## What you need to do
Reproduced exactly, the lines from the start of the material through the line containing "Paire de statues" should be the whole answer, with pictures excluded.

::: Input records :::

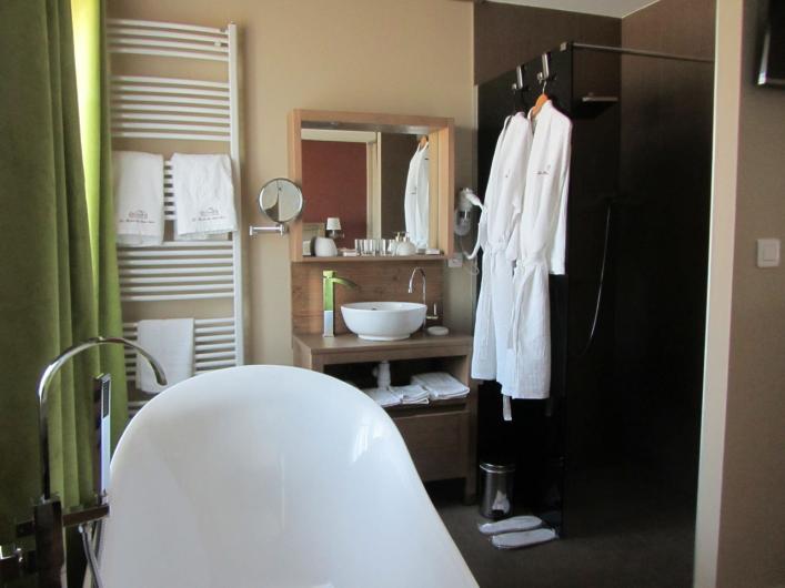 160-cm bed, closet space, Bluetooth multimedia tower, flat-screen TV, desk, Wi-Fi, private bathroom opening into the room with a free-standing bath, walk-in shower, vanity unit, hair dryer, magnifying mirror, heated towel rail, foot mirror, private separate WC. A 90-cm fold-up bed for a child and/or a cot, high chair and changing mat are available on request.
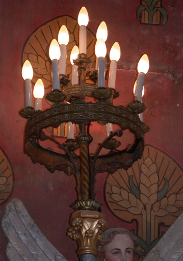 Paire de statues : Anges lampadophores et porte-luminaires,
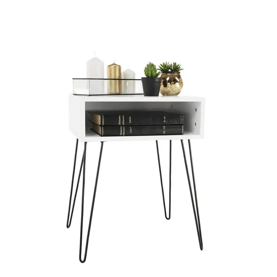 Příruční stolek HONEJ je praktický doplněk do ložnice, obýváku i předsíně. Jeho provedení kombinuje matně bílou lakovanou MDF desku s pevným černým kovovým rámem, který zajišťuje stabilitu. Ve spodní části najdete otevřený úložný prostor, který usnadní rychlý dosah k drobnostem, jako jsou knížky, ovladače či budík. Dodává se v demontu, ale složení zvládnete snadno podle návodu. Tento příruční stolek HONEJ díky kompaktním rozměrům 45 x 35 x 58 cm nabídne praktickou plochu a zároveň zbytečně nepřetíží interiér, takže skvěle poslouží např. u postele, sedačky či v chodbě.
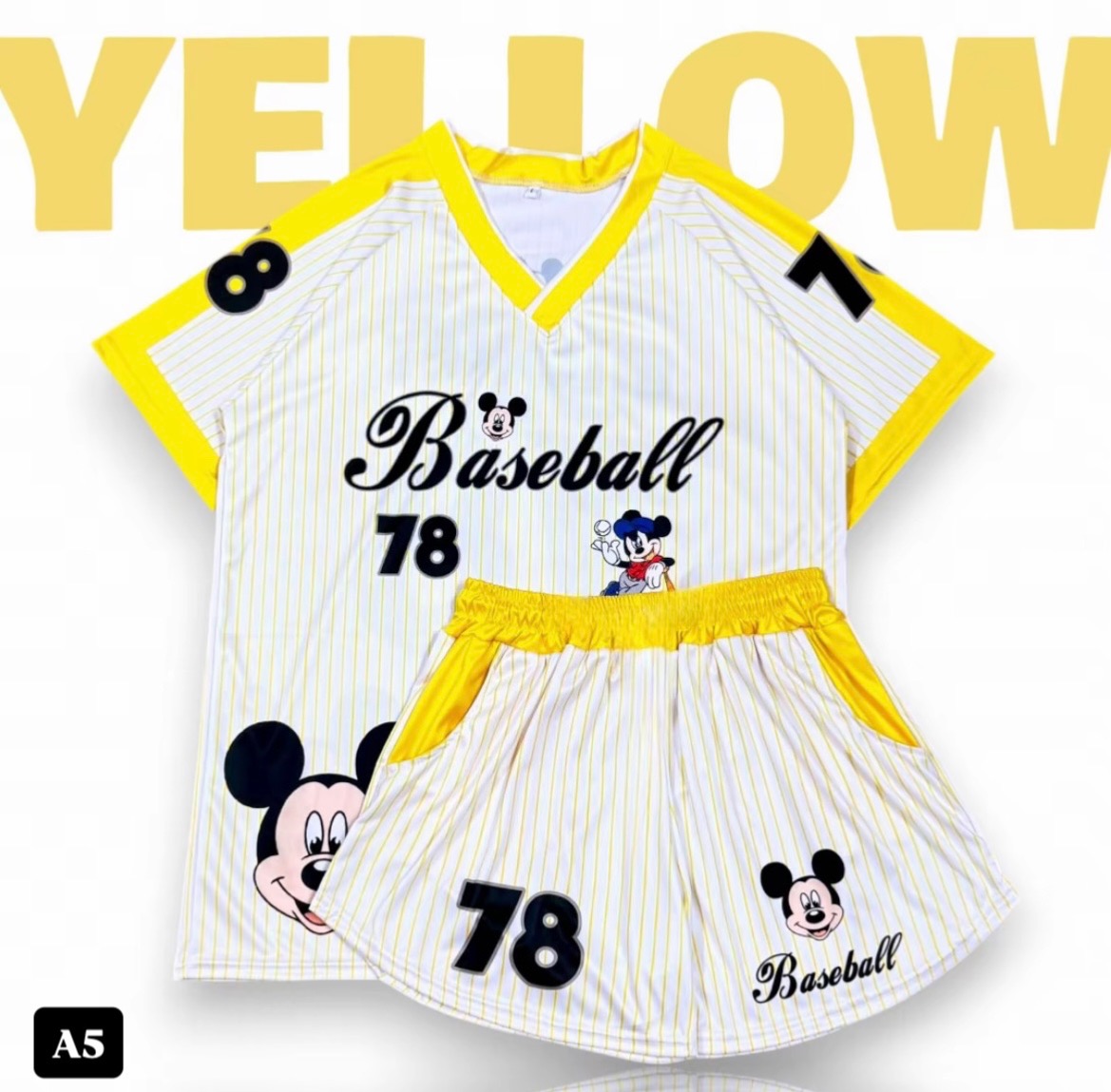 [BKK][PEG][155-200-0]Set Baseball 78 Striped Pattern Mickey 5 Colors Set Giifa KOVYWHITE Free Size/Plus Size (BKK47)
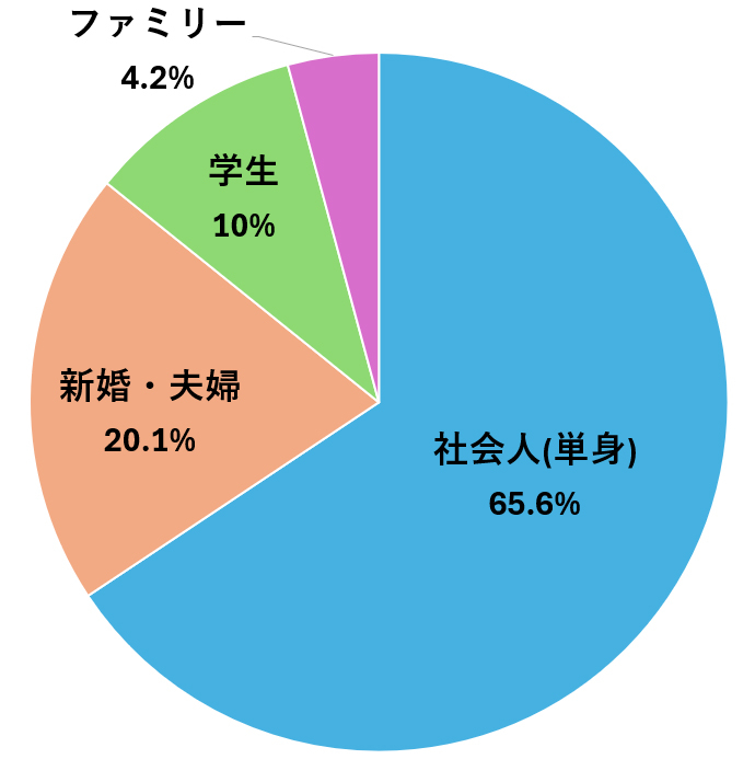 ◎社会人(単身)は『65.6%』
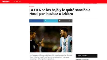 "La FIFA se los bajó y le quitó la sanción a Messi por insultar a árbitro", tituló La Cuarta, de Chile, y consideró que fue una decisión equivocada la que se tomó con el futbolista argentino.
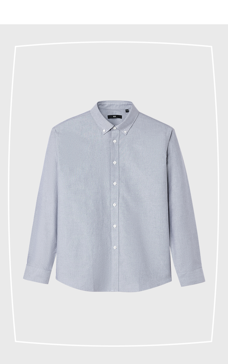 HLA海澜之家纯棉牛津纺长袖休闲衬衫26春夏新扣领尖领纯色衬衣男HNEAD1F019A
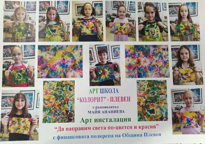 Арт Инсталация „Да направим света по-цветен и красив“ е един иновативен, експериментален и вдъхновяващ проект на арт школа „Колорит“ с ръководител Майя Ананиева, подкрепен и финансиран от Община Плевен като ярко културно събитие, представено в пространството на Художествена галерия „Илия Бешков“ – Плевен.
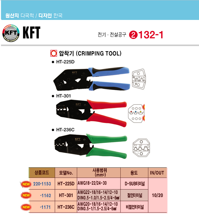 [KFT] µ¿Ãà¾ÐÂø±â(HT-225D, AWG18-22/24-30, D-SUBÅ͹̳Î)(Crimping Tool)=>¼¼½Å ¾ÐÂø±â[SB-225D/C220-1153]·Î ºê·£µå º¯°æ ÃâÇÏ
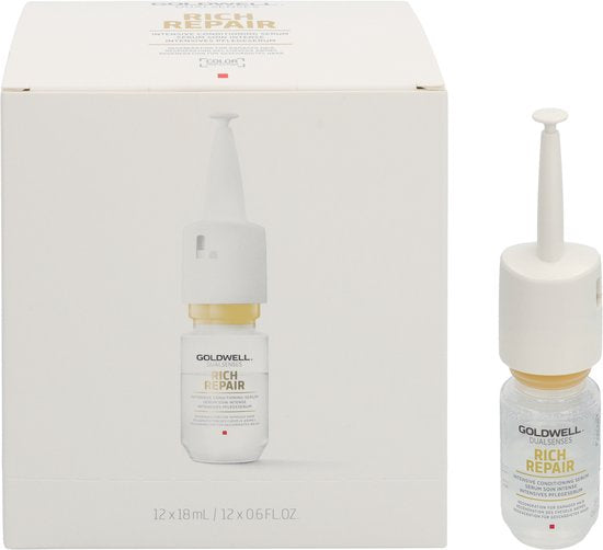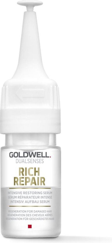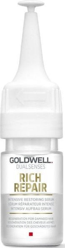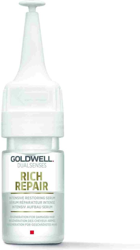 Goldwell Dualsenses Rich Repair Regeneration Serum is een serum voor droog en gestrest haar. Het regenereert het haar erg sterk en snel. Goldwell Dualsenses Rich Repair Regeneration Serum geeft het haar de gewenste, ultieme glans. Het serum beschermt het haar tegen de hitte van stylingtools en is direct voel- en zichtbaar na gebruik. Het Care en Repair System zorgt voor extra verzorging voor droog en gestrest haar.
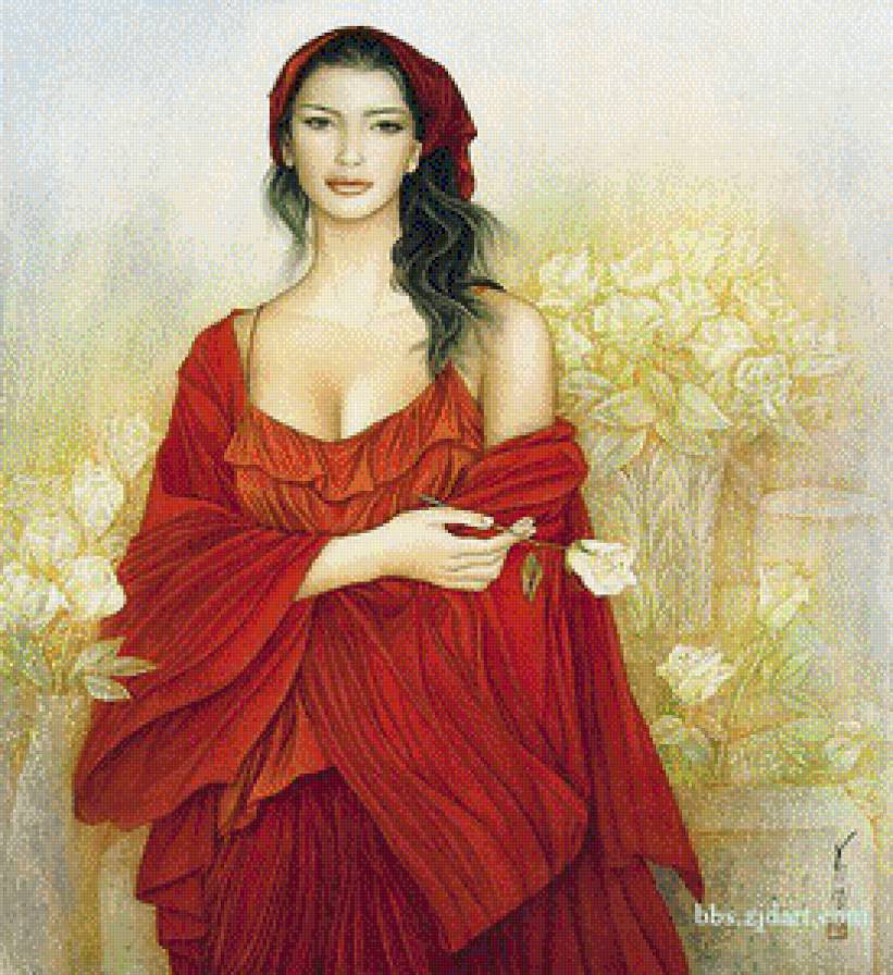 Комментарии к схеме вышивки «mujer con pañoleta roja» (№822596)
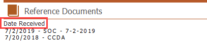 The Reference Documents section allows you to receive CCDA documents from external sources and add them to a patient’s Facesheet without importing the information directly into the chart. Although you can add documents to the Reference Documents when the section is not included on the Facesheet, it does make the process easier.
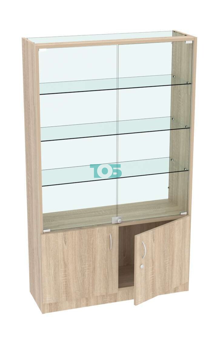 - прозрачная часть закрыта - распашными дверками с замком;
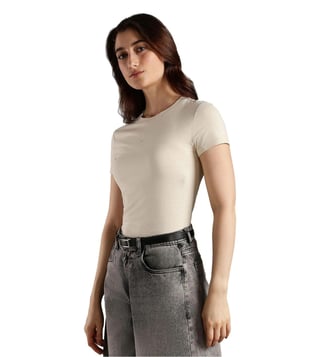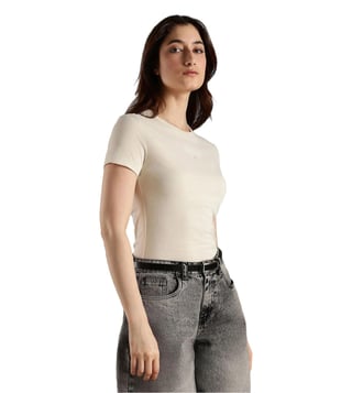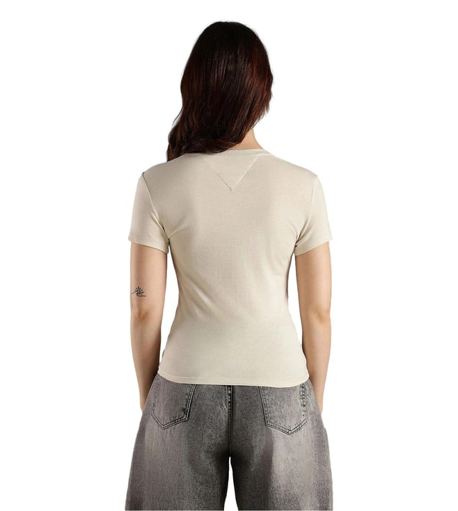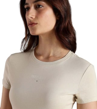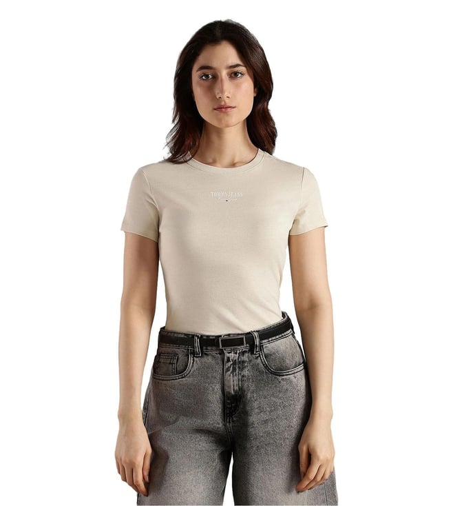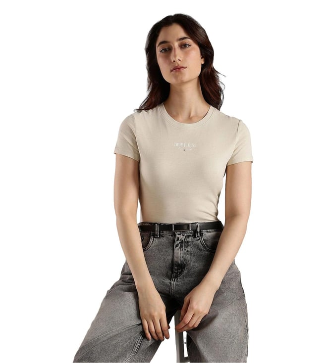 TOMMY HILFIGER Beige Cotton Slim Fit Logo Printed T-Shirt

:::

## Task output
 160-cm bed, closet space, Bluetooth multimedia tower, flat-screen TV, desk, Wi-Fi, private bathroom opening into the room with a free-standing bath, walk-in shower, vanity unit, hair dryer, magnifying mirror, heated towel rail, foot mirror, private separate WC. A 90-cm fold-up bed for a child and/or a cot, high chair and changing mat are available on request.
 Paire de statues : Anges lampadophores et porte-luminaires,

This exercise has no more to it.